Why I’ve started writing weeknotes

It’s Giles Turnbull’s fault. I’ve been meaning to start writing more blog posts for the last five years or so, and never seem to get around to it. Then I read this new website, Doing Weeknotes, and it made me think that this might be a way in. I don’t know how long I’ll stick with it, but seems worth giving it a crack.

Doing weeknotes

Lauren Pope is one of my favourite people to read in the world of content, and she writes weeknotes. That seems like a good recommendation.

Lauren Pope: Weeknotes

Some rules

The first rule is I can change the rules if it seems like they need changing.

But aside from that:

  • Write every Friday
  • Don’t spend more than 30 minutes
  • Write about work stuff, mostly
  • It doesn’t need to be perfect

On that last point: I’ve found that working in content design requires taking a critical eye to writing. That’s good, but it can get in the way of publishing your own writing. Wanting to write clearly and unambiguously sometimes means that writing a blog post takes a long time when you get to editing it. For these weeknotes, I’m going to write and publish quickly, so it won’t always be as clear as it could be.

What I did this week

I’m planning our next training session

I’m running our fourth session of Content Design for EdWeb 2 next Thursday, 21 March. This is a content design training session for web publisher colleagues who are thinking about their site’s upcoming (or recent) migration to our new content management system, EdWeb 2.

Here’s the blurb:

“This session is delivered by the Website and Communications User Experience team and is aimed at Lead Publishers who have completed the EdWeb 2 training. Building on topics covered in the Effective Digital Content online course, this practical workshop looks at how to apply effective digital content design principles to your EdWeb 2 site.”

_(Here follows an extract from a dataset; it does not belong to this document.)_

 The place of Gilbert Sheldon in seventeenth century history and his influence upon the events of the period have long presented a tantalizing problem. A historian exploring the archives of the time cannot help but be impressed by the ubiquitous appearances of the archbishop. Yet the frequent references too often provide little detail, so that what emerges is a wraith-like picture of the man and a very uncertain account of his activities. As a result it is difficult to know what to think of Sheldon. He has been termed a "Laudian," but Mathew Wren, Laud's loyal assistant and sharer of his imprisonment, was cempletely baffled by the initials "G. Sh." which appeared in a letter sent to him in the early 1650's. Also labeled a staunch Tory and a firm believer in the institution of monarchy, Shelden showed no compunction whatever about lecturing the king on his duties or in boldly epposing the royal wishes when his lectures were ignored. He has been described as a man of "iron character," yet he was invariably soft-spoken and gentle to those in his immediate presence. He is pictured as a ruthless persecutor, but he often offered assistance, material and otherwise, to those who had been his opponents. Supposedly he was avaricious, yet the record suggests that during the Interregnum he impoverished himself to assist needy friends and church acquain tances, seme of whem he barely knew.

We’ve been asking attendees to bring along a piece of content that they want to improve. Then we can talk about content design principles and apply them to the examples from the attendees’ websites.

I was a bit nervous about this at first, but it’s gone really well. The examples are real and reflect the messiness of an actual website. Sometimes the topic of a page is complicated and it’s not easy to put it into Plain English.

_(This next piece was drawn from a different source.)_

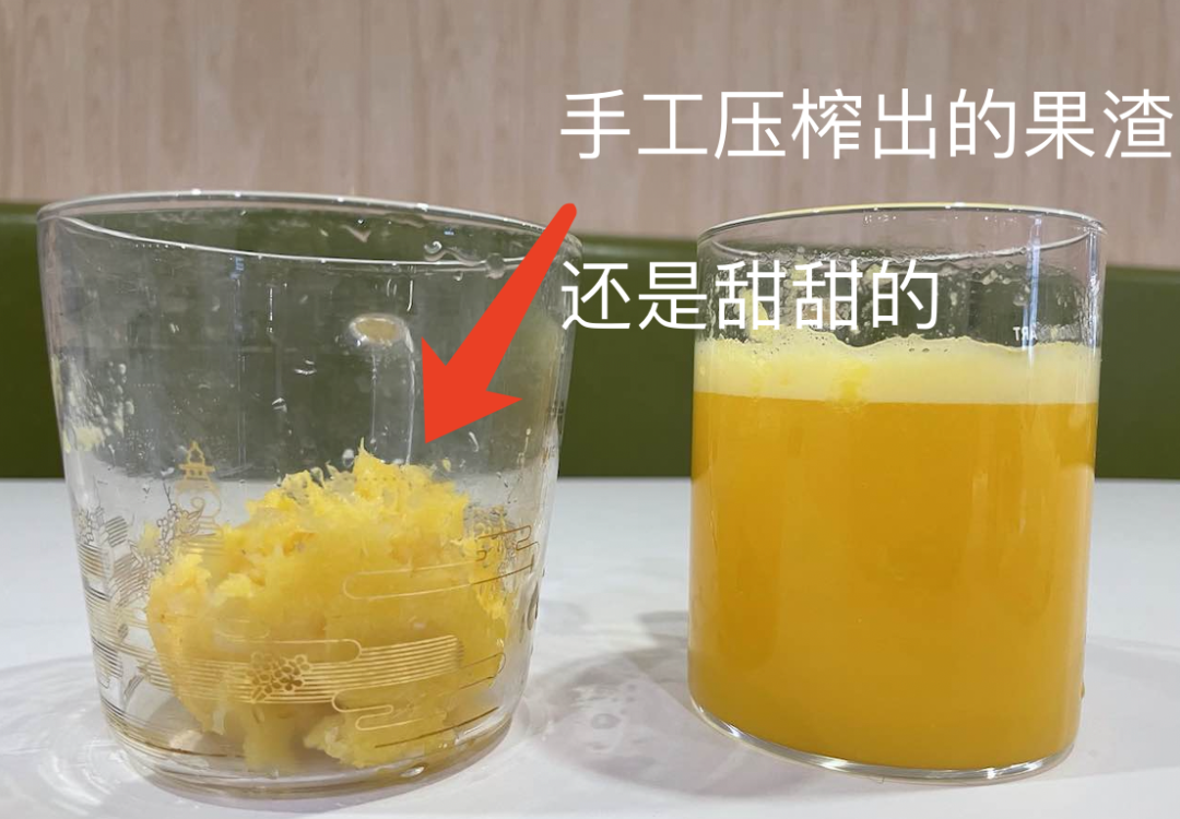 虽然已经很努力了,但 340 克的橙子肉,还是剩下了 86 克的果渣

It’s been good to see publishers show their sites to colleagues. It means they get an outside view on the language used on their site, and on how the content is broken up and organised.

I listened to a podcast about doing content design training for a large organisation

Kind of blew my mind that there’s a podcast about the exact thing I’m working on at the moment.

Here it is:

Training people at a UN Agency to write for their new intranet

Is that really 30 minutes?

Yep. That went faster than I expected.